(Data entries)
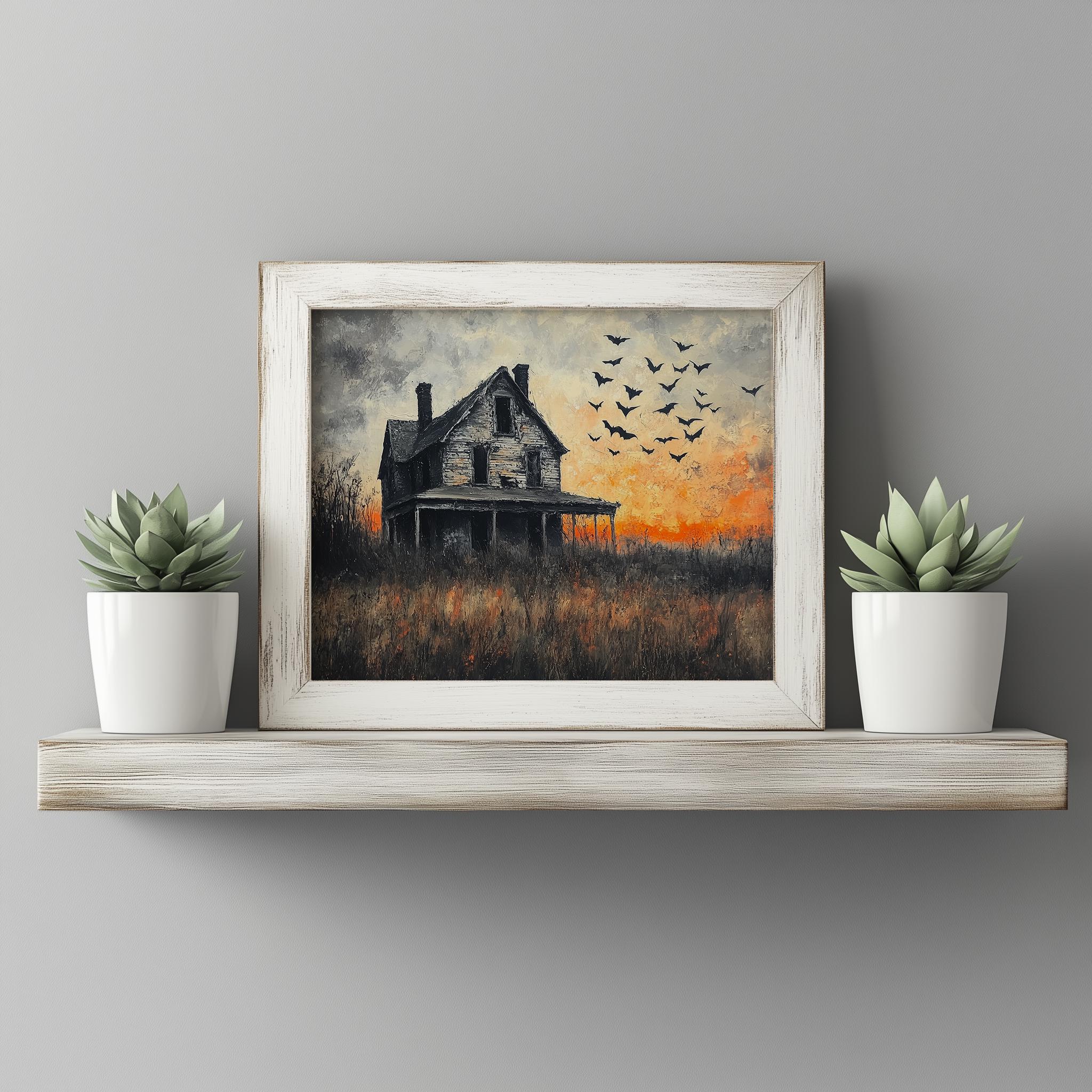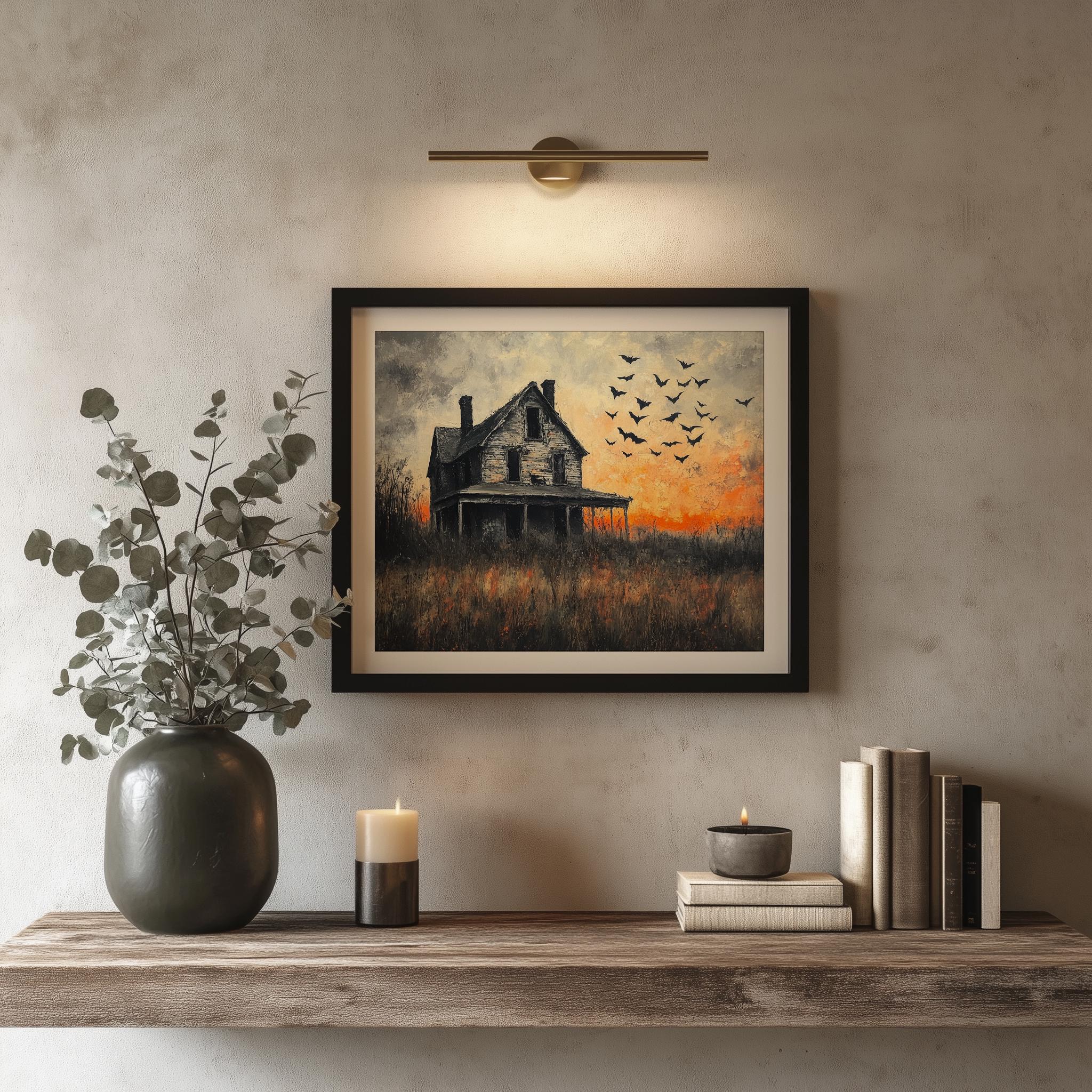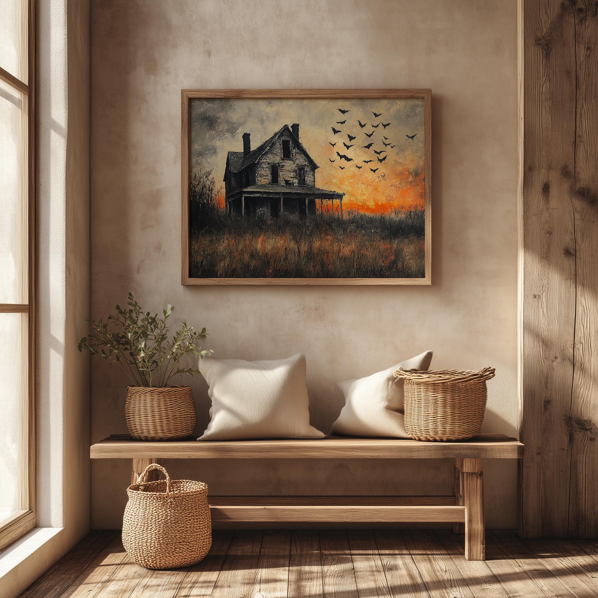 Rustic Autumn Farmhouse Scene - Printable Wall Art Immerse yourself in the tranquil beauty of an abandoned farmhouse at sunset with this stunning vintage landscape painting. Perfectly capturing the essence of countryside charm, this printable decor brings warmth and nostalgia to any space. Ideal for cottagecore enthusiasts and those who appreciate rustic aesthetics, this artwork invites a sense of peace and reflection into your home. Autumn
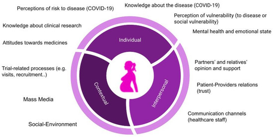 Despite the need to include pregnant and lactating women in clinical research [11], approaches to enhance adherence to their participation seem to still be overlooked. As illustrated in Figure 1, deciding to participate in a clinical trial during pregnancy can be influenced by a combination of factors, the relevance of which may vary depending on the circumstances, from emergencies to situations where decisions can be taken calmly. Thus, a contextually sensitive understanding of pregnant women’s perceptions, attitudes, and behaviors is key for the correct and ethical success of the clinical development of medicinal products, including clinical trials and their upcoming implementation.
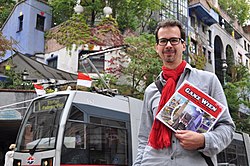 | Arno Steinwender vor ULF der Wiener Linien mit Gesellschaftsspiel | Arno Steinwender | Arno Steinwender | Datei:Ganz Wien-Arno Steinwender.jpg |
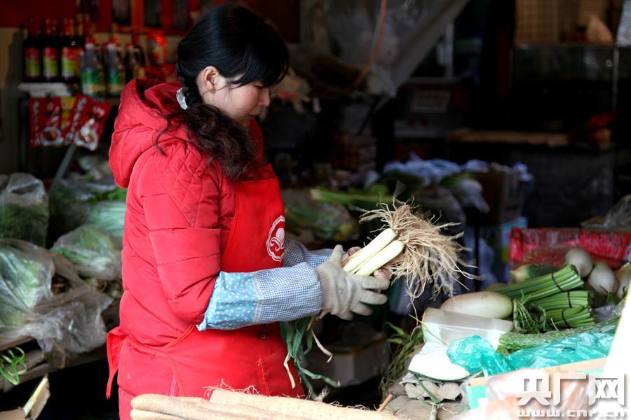菜商整理蔬菜(央廣網(wǎng)記者 廉軍 攝)
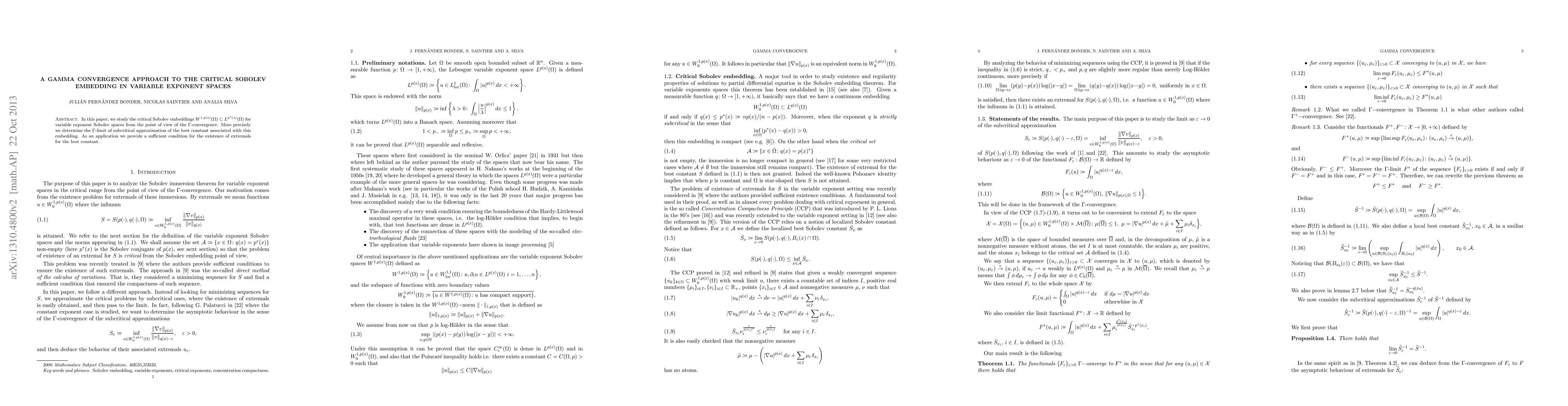 This paper investigates the critical Sobolev embeddings in variable exponent spaces using $\Gamma$-convergence, determining the $\Gamma$-limit of subcritical approximations of the best constant. It also provides a sufficient condition for the existence of extremals for the best constant.
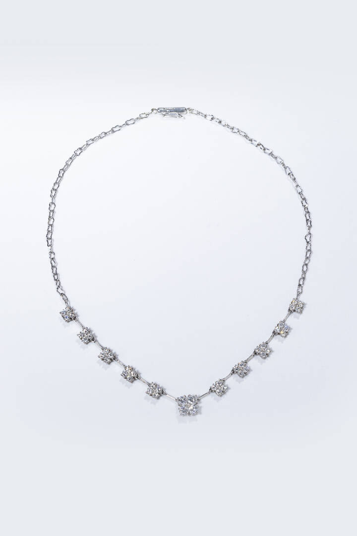 in oro bianco, composto da quadrifogli stilizzati in diamanti taglio brillante per totali ct 2,0 ca, probabile colore G-H, purezza IF-VVS.
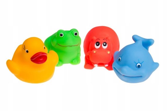Delfin, hipcio, żabka i kaczuszka to najlepsi przyjaciele Twojego maluszka. Będą się razem świetnie bawić zarówno w wannie, jak i podczas kąpieli w basenie.
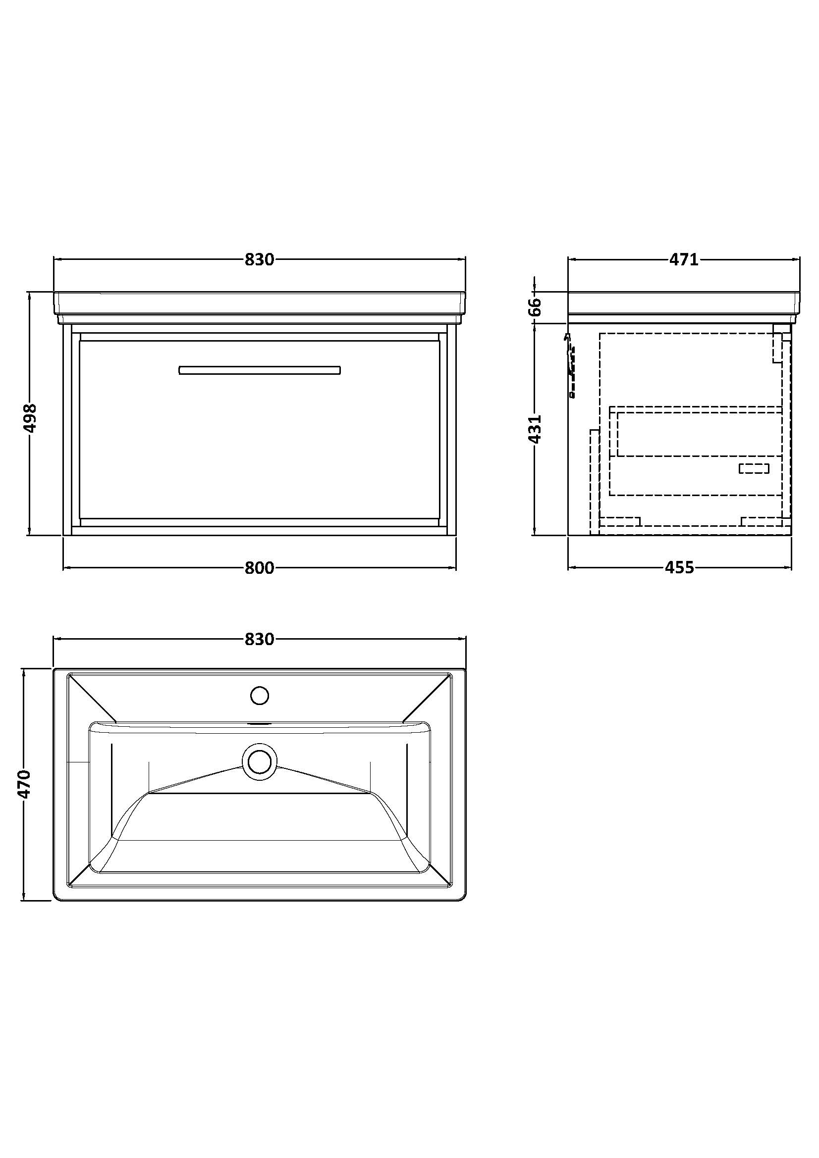 800mm Wall Hung Single Drawer Vanity with Basin - 1 Tap Hole

Work to complete:
Could you set down verbatim the lines from the beginning of the entries above through the line containing "菜商整理蔬菜(央廣網(wǎng)記者 廉軍 攝)", both included, leaving out the pictures?

Response area:
 Rustic Autumn Farmhouse Scene - Printable Wall Art Immerse yourself in the tranquil beauty of an abandoned farmhouse at sunset with this stunning vintage landscape painting. Perfectly capturing the essence of countryside charm, this printable decor brings warmth and nostalgia to any space. Ideal for cottagecore enthusiasts and those who appreciate rustic aesthetics, this artwork invites a sense of peace and reflection into your home. Autumn
 Despite the need to include pregnant and lactating women in clinical research [11], approaches to enhance adherence to their participation seem to still be overlooked. As illustrated in Figure 1, deciding to participate in a clinical trial during pregnancy can be influenced by a combination of factors, the relevance of which may vary depending on the circumstances, from emergencies to situations where decisions can be taken calmly. Thus, a contextually sensitive understanding of pregnant women’s perceptions, attitudes, and behaviors is key for the correct and ethical success of the clinical development of medicinal products, including clinical trials and their upcoming implementation.
 | Arno Steinwender vor ULF der Wiener Linien mit Gesellschaftsspiel | Arno Steinwender | Arno Steinwender | Datei:Ganz Wien-Arno Steinwender.jpg |
菜商整理蔬菜(央廣網(wǎng)記者 廉軍 攝)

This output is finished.